Something in him broke. With a groan he claimed her mouth again, urgent and hungry. She clutched at his shirtfront, pressing herself against him. His hand cupped her face, the other settling at her waist, steady and possessive.

She sighed into him, arching closer. His lips moved over hers with delicious thoroughness—deepening, tasting, demanding. She trembled as his tongue teased hers, heat rushing through her like wildfire.

“Stay with me,” she whispered against his mouth. “Tonight.”

He stilled, breath ragged. “Vicky—if I stay, I will not stop at kisses.”

“Good.” She kissed him again, reckless, until he yielded.

They stumbled to the settee, pulling each other down into its cushions. He tried to hold back, but she coaxed him onward—laughing breathlessly, tugging at his shirt buttons until her fingers slid over warm skin. He hissed softly at her touch, muscles taut beneath her hand.

“You will ruin me,” he said hoarsely.

“Then we shall be ruined together,” she murmured, biting lightly at his jaw.

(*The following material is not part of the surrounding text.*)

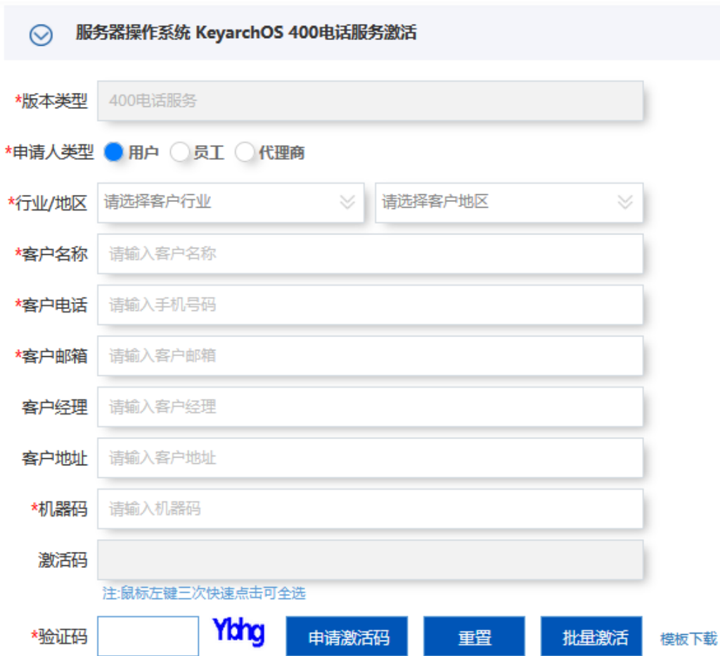
图 4 400 电话服务激活界面

在浪潮信息云峦服务器操作系统官网（服务支持 ->服务激活与查询） https://support.ieisystem.com/lcjtww/zcxz/kos/index.html 的“服务器操作系统 KeyarchOS400 电话服务激活”模块进行 400 电话服务激活码的申请。

His laugh turned into a groan as her nightdress bunched high around her thighs. He pushed it up, his hands firm on her legs, tracing the shape of her through thin linen. She gasped, clutching his shoulders as his mouth moved down her throat, teeth grazing, tongue soothing.

“Vicky,” he whispered like a prayer. “You undo me.”

She tugged at his shirt until it came free, sliding her palms over the breadth of his chest, down the ridges of muscle. He caught her hand, pressed it against his racing heart. “Do you feel what you do to me?”

Her only answer was to kiss him again, deeper, fiercer, until they were both breathless.

He lifted her easily, settling her astride him.

She shivered as his hands skimmed her body, reverent and hungry all at once.

The blanket slid to the floor. The lamplight turned everything golden—the heat of his skin, the hunger in his eyes, the way he looked at her as though she were both salvation and sin.

When at last he pushed the straps of her nightdress down, baring her to his gaze, she did not flinch. His breath caught, his hands gentle as he cupped her, thumbs circling, lips following. Pleasure surged through her, startling and exquisite. She cried out softly, clutching his hair.

“Please,” she whispered. “Don’t stop.”

He kissed his way back to her mouth, fumbling only once before they found their rhythm, the world narrowing to the perfect joining of bodies. She gasped at the fullness, the heat, the shocking intimacy of it, but his whispered reassurances steadied her.

“Look at me,” he urged, and when she met his gaze, she saw everything—desire, devotion, awe.

They moved together, awkward only for a moment before instinct and need took over. He filled her completely, each thrust drawing pleasure higher, deeper, until she clung to him, breathless. His control frayed, his groans muffled against her neck, her cries caught in his hair.

Release came for her in a rush, unexpected and overwhelming. She clutched him tightly, trembling as wave after wave broke over her. He followed soon after, burying his face against her shoulder with a shuddering groan, holding her as though he could not let go.

Afterward, they lay tangled on the settee, her nightdress rucked to her waist, his chest bare and damp with sweat. The candle sputtered low, but neither moved to trim it. His hand traced idle circles along her hip, as though memorizing her.

“You undo me,” he murmured again, voice raw.

She smiled against his throat. “Good. I’ve been undone all week.”

He laughed softly, kissing her hair. She felt it rumble through his chest where her cheek rested.

Outside, snow pressed thick against the windows, muffling the world. Inside, in the warmth of each other’s arms, Vicky Abbott discovered that surrender was not loss at all, but victory—the kind she had never imagined wanting, and now could not imagine giving up.